Beaten-up bodies, sketchy brakes and exploding fuel tanks – welcome to the 24 Hours of LeMons, where it’s not about winning or losing, but about just making the finish. Or even the start…
It’s hot as hell at 10am in rural South Carolina in May. The Four Porschemen of the Apocalypse have bullhorns and are driving around the paddock blaring on about the Second Coming that’s going to happen in eight hours’ time. Another racing team, the Tunachuckers, can’t even focus on the imminent end of the world because their 1975 Ford LTD Landau isn’t running right. Or at all. It is, in other words, a fairly typical start to a 24 Hours of LeMons race.

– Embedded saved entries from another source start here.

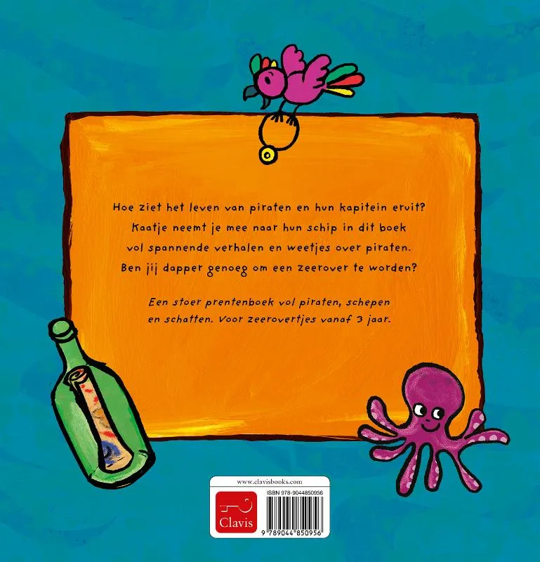 Hoe ziet het leven van piraten en hun kapitein eruit? Kaatje neemt je mee naar hun schip in dit boek vol spannende verhalen en weetjes over piraten. Ben jij dapper genoeg om een zeerover te worden? Een stoer prentenboek vol piraten, schepen en schatten. Voor zeerovertjes vanaf 3 jaar.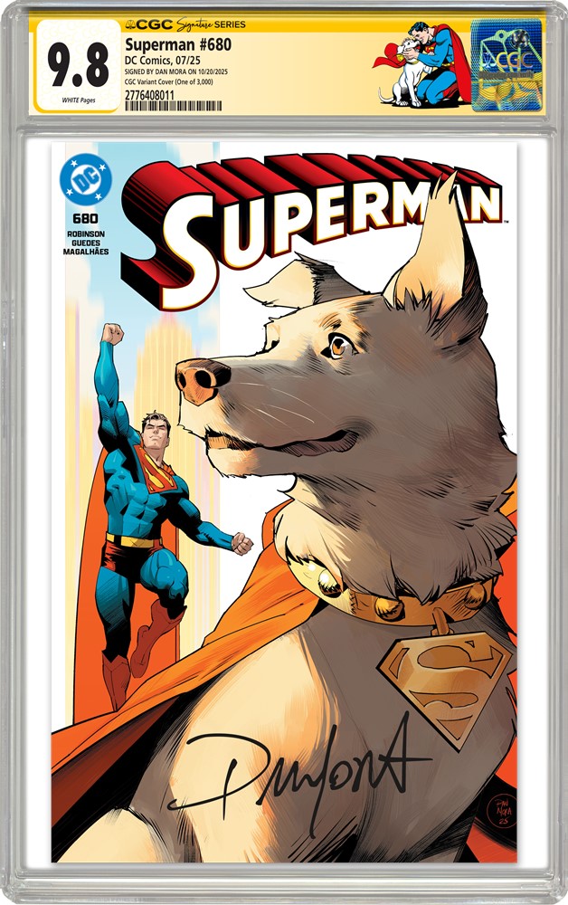 Certified Guaranty Company® (CGC®) is soaring into San Diego Comic-Con with an exclusive variant cover for Superman #680, available only at the CGC booths July 24-27, 2025. The striking cover by fan-favorite artist Dan Mora features Superman alongside his loyal canine companion Krypto, and will be available in limited quantities at the event.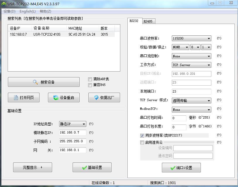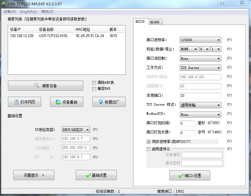 用M4設(shè)置軟件搜索USR-TCP232-410S的IP,192.168.0.7,USR-TCp232-410S用串口設(shè)置軟件設(shè)置DHCP,動(dòng)態(tài)獲取IP。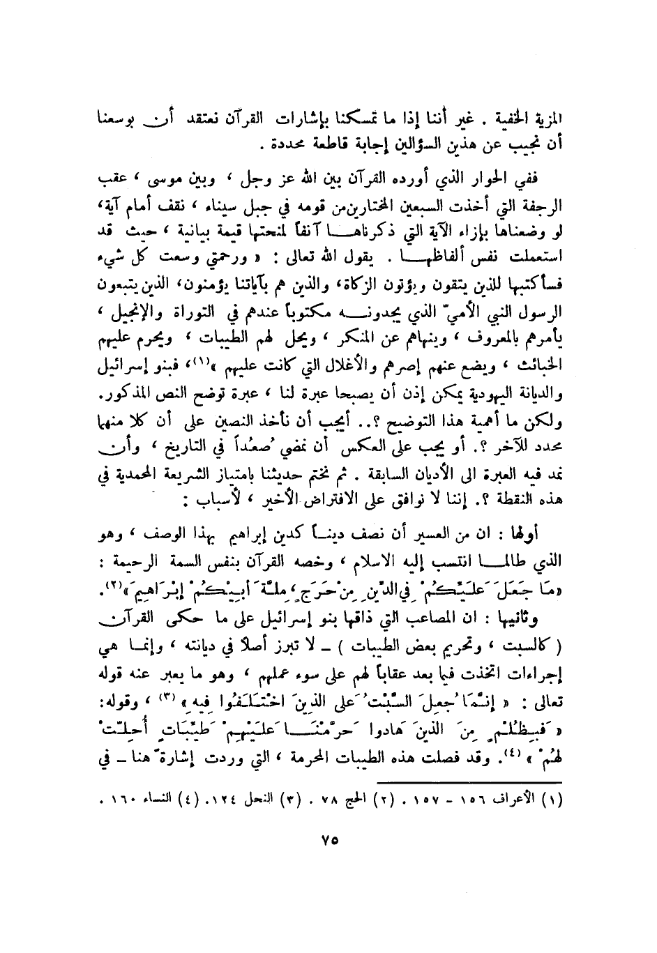 ففي الحوار الذي أورده القرآن بين الله عز وجل، وبين موسى، عقب الرجفة التي أخذت السبعين المختارين من قومه في جبل سيناء، نقف أمام آية، لو وضعناها بإزاء الآية التي ذكرناها آنفًا لمنحتها قيمة بيانية، حيث قد استعملت نفس ألفاظها. يقول الله تعالى: {وَرَحْمَتِي وَسِعَتْ كُلَّ شَيْءٍ فَسَأَكْتُبُهَا لِلَّذِينَ يَتَّقُونَ وَيُؤْتُونَ الزَّكَاةَ وَالَّذِينَ هُمْ بِآياتِنَا يُؤْمِنُونَ، الَّذِينَ يَتَّبِعُونَ الرَّسُولَ النَّبِيَّ الْأُمِّيَّ الَّذِي يَجِدُونَهُ مَكْتُوبًا عِنْدَهُمْ فِي التَّوْرَاةِ وَالإِنْجِيلِ يَأْمُرُهُمْ بِالْمَعْرُوفِ وَيَنْهَاهُمْ عَنِ الْمُنْكَرِ وَيُحِلُّ لَهُمُ الطَّيِّبَاتِ وَيُحَرِّمُ عَلَيْهِمُ الْخَبَائِثَ وَيَضَعُ عَنْهُمْ إِصْرَهُمْ وَالْأَغْلالَ الَّتِي كَانَتْ عَلَيْهِمْ} 1، فبنو إسرائيل والديانة اليهودية يمكن إذن أن يصبحا عبرة لنا، عبرة توضح النص المذكور. ولكن ما أهمية هذا التوضيح؟ أيجب أن نأخذ النصين على أن كلًّا منهما محدد للآخر؟ أم يجب على العكس أن نمضي صعدًا في التاريخ، وأن نمد فيه العبرة إلى الأديان السابقة، ثم نختم حديثنا بامتياز الشريعة المحمدية في هذه النقطة؟ إننا لا نوافق على الافتراض الأخير؛ لأسباب: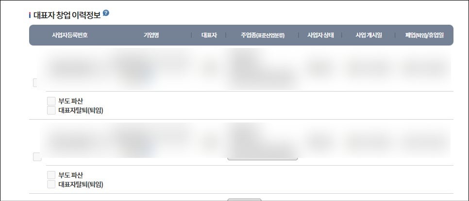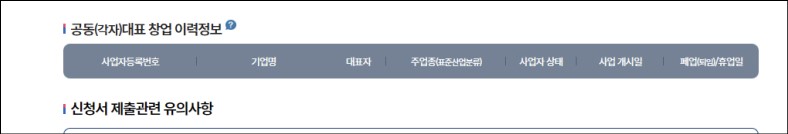 기 창업이력 유무 확인하세요.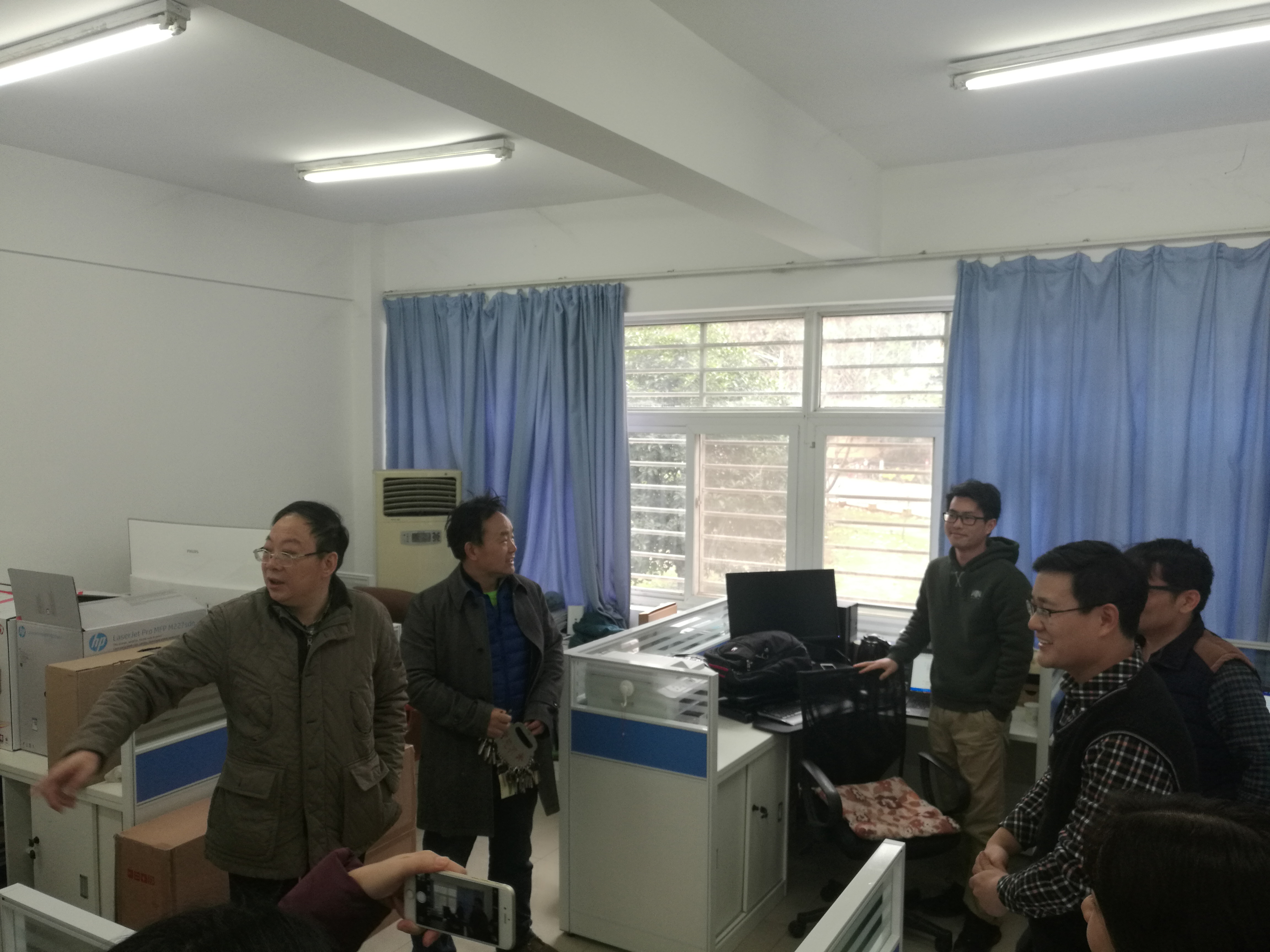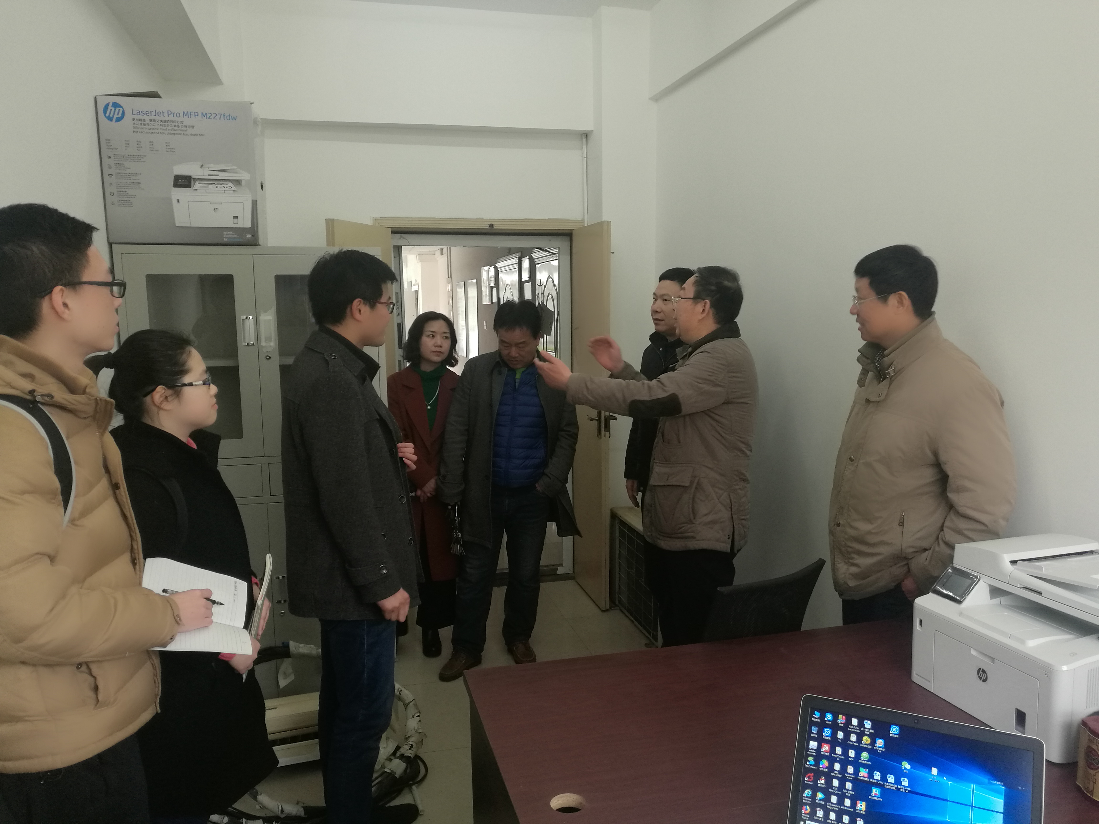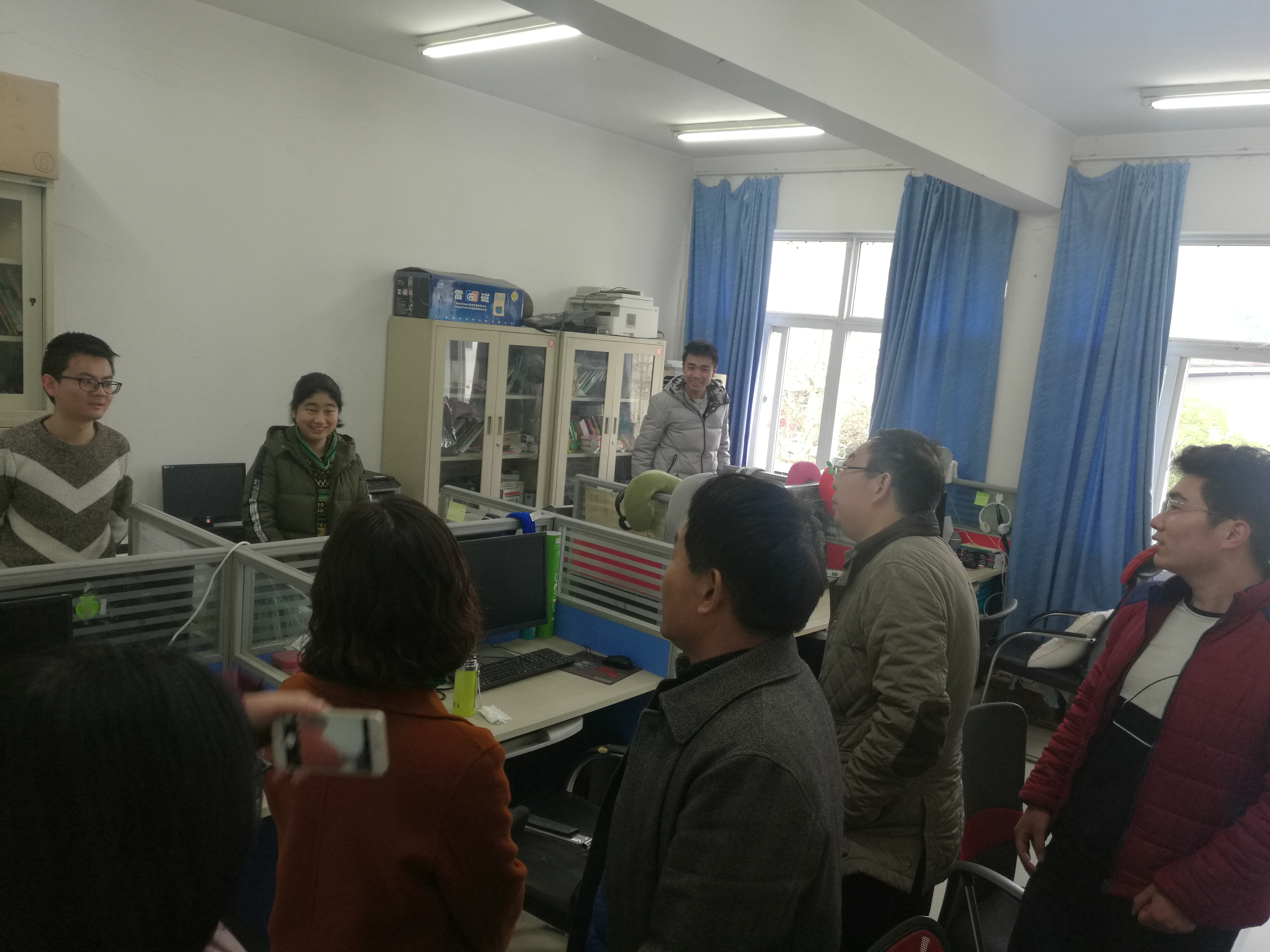 (通讯员:石剑峰)3月1日是我校新年开学的第一天。成人av 党委书记吕军、副书记孙莉、副院长李振华同志在院办公室同志的陪同下深入学院的各办公室、实验室等地走访。亲切看望慰问师生,向大家致以新春的祝福和问候,同时检查、指导、布置开学有关工作,了解行政人员到岗和学生到校情况等。

The event is a tongue-in-cheek homage to the 24 Hours of Le Mans, where teams of glamorous drivers – the movie about the race, Le Mans, starred Steve McQueen, nuff said – and big-ticket manufacturers such as Audi, Peugeot, Bentley, BMW and Porsche test their mettle over an enthralling day and night in France. By contrast, LeMons is a series that runs throughout the US and this particular event – the ’Shine Country Classic at the Carolina Motorsports Park in Kershaw, South Carolina, has the je nais se quoi that comes with being located 40km away from the nearest Wal-Mart.
Jay Lamm, the former editor of Sports Car International, founded LeMons in 2006 in Northern California as an upgrade to a one-off rally event
in San Francisco – the Double 500 – which put US$500 cars through a 500km race. The first official LeMons event was held at the Altamont Motorsports Park; commemorative posters of the race, featuring a drawing of an overturned AMC Gremlin and a driver frantically running away from the car (a two-door compact classic from the ’70s), are still sold as souvenirs. In 2008, it became a nationwide series, and the cult of LeMons was born.
A LeMons car must cost less than US$500 (around NZ$585) to acquire and kit out for racing. That doesn’t include the cost of mandatory safety equipment – including a roll cage, a fire extinguisher and fire-resistant clothing for all the drivers. You see, there is a very real risk that LeMons cars will, well, burst into flame.